EXERCISE BRIEF: Copy exactly the lines of the data below that run from the line holding "- 11 Stk. ER" through the line holding "وعلى هامش الحفل", both ends included.

RECORDS SHOWN:
◇ ◇ ◇
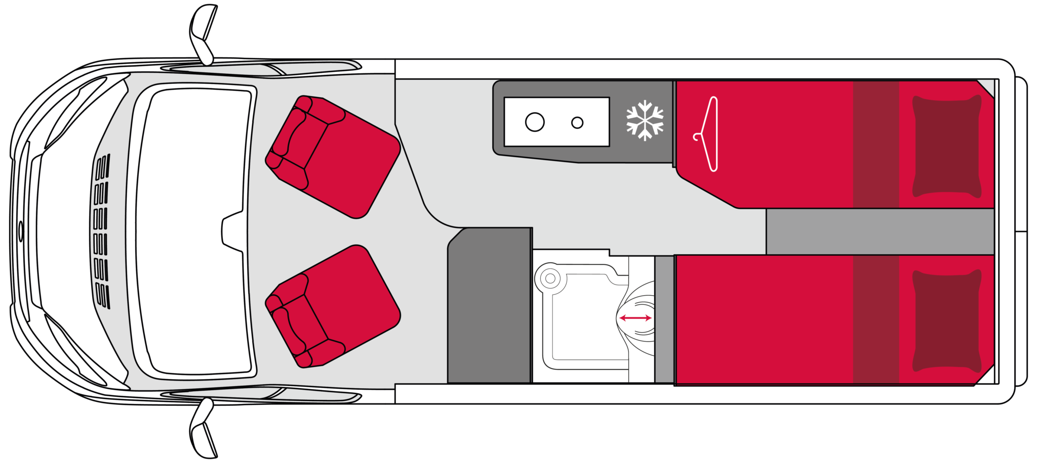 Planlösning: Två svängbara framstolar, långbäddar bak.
◇ ◇ ◇
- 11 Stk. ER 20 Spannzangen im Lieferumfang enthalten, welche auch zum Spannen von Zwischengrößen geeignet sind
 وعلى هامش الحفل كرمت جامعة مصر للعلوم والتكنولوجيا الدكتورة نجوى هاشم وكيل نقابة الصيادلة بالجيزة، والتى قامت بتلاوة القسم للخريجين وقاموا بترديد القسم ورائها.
◇ ◇ ◇
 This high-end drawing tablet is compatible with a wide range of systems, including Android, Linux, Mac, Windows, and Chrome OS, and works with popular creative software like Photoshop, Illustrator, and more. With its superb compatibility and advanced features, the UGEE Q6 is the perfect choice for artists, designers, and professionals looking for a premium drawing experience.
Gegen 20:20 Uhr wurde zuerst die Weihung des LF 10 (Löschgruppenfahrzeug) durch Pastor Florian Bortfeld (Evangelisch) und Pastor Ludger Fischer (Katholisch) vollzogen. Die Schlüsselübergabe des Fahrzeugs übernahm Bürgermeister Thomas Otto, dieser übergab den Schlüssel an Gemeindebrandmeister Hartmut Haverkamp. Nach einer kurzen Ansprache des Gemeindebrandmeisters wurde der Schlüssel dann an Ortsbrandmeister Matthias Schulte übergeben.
◇ ◇ ◇
WORKED SOLUTION:
- 11 Stk. ER 20 Spannzangen im Lieferumfang enthalten, welche auch zum Spannen von Zwischengrößen geeignet sind
 وعلى هامش الحفل كرمت جامعة مصر للعلوم والتكنولوجيا الدكتورة نجوى هاشم وكيل نقابة الصيادلة بالجيزة، والتى قامت بتلاوة القسم للخريجين وقاموا بترديد القسم ورائها.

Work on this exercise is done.